_Collected data entries_.
· · · · ·

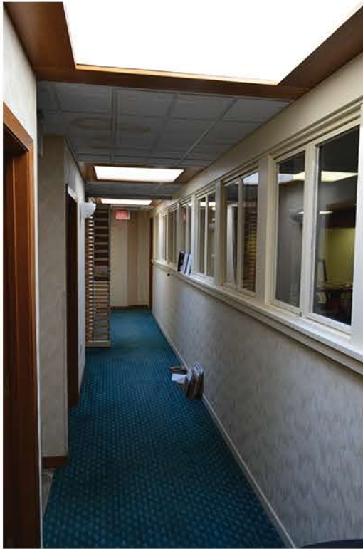
Corridor to building addition
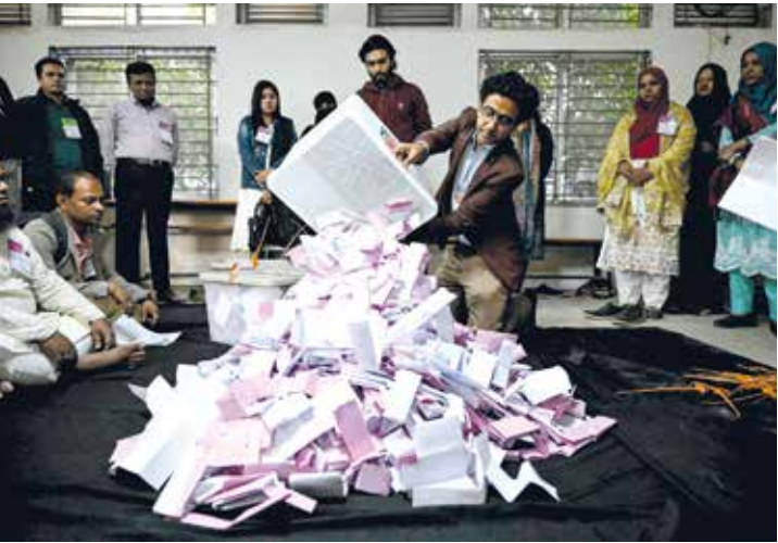
An electoral official opens a ballot box as counting starts at a polling station

However, he faces a stiff challenge from a coalition led by the Muslim-majority country's largest Islamist party, Jamaat-e-Islami.
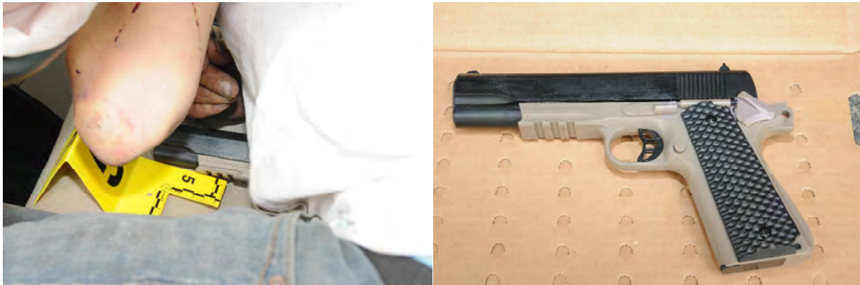
Images 2 & 3. Black and brown 1911-style BB gun located under Taylor (item 5)

Agents were able to pry open the front driver door to gain access to the front driver seat area. Slumped to the right, over the center console, was a young white male with short brown hair. The male, later identified as Devon Taylor, was wearing a white t-shirt, blue jeans, blue Hanes boxers, and Air Jordan shoes. A blue bandana was also tied loosely around his neck. Blood appeared to be coming from an injury to Taylor's head and suspected gunshot wounds were visible along his back, left arm and into his left thigh. From the passenger side front door, SA Austin observed the front sight of a firearm in the area of Taylor's lap. As Agents began to move Taylor, a black/brown handgun barrel became visible under his torso. SA Austin collected a plastic black/brown BB handgun (S/N 21C24408) that contained a magazine with BBs as item 5. The BB gun was in the style of a 1911 pistol and featured a cocked hammer that appeared broken along with a safety that was engaged. It should be noted that the BB gun appeared visually consistent with a real firearm and it was not until it was handled that the weight and construction difference became noticeable.
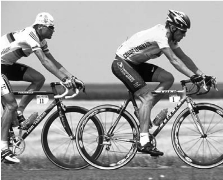
Lance races with second-place finisher Jan Ullrich of Germany, his most serious competitor in the Tour de France.
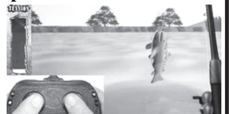
Researchers say the thumbsticks can be used to signal what actions should be carried out.
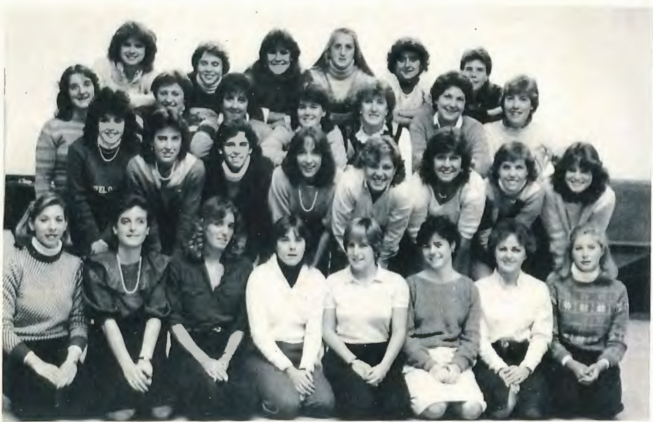
Charter members of Epsilon Xi at Villanova University
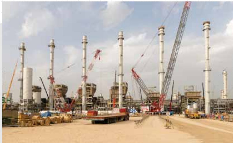
The six Pennguard®-lined steel chimneys
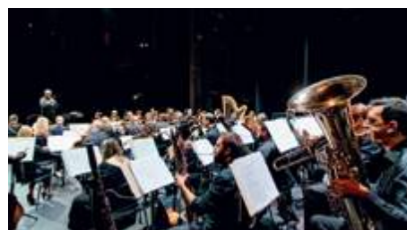
Marco Bozzari , a Greek national opera in four acts, is an ode to the bravery and excellence of the great general of the Greek Revolution. Composed by renowned Greek composer Pavlos Carrer, the play premiered in Patras in 1861 and was received enthusiastically both in Greece and abroad; yet despite the opera's considerable success, the original score has been lost. In 2021, the opera was performed, in Greek, by the City of Athens Symphony Orchestra and Choir, produced by the Culture, Sports and Youth Organization of the City of Athens.

· · · · ·

Nothing but the lines from the first line of the records above to the line with "Images 2 & 3.", inclusive, should be transcribed exactly, and the pictures must be left out.

Corridor to building addition
An electoral official opens a ballot box as counting starts at a polling station

However, he faces a stiff challenge from a coalition led by the Muslim-majority country's largest Islamist party, Jamaat-e-Islami.
Images 2 & 3. Black and brown 1911-style BB gun located under Taylor (item 5)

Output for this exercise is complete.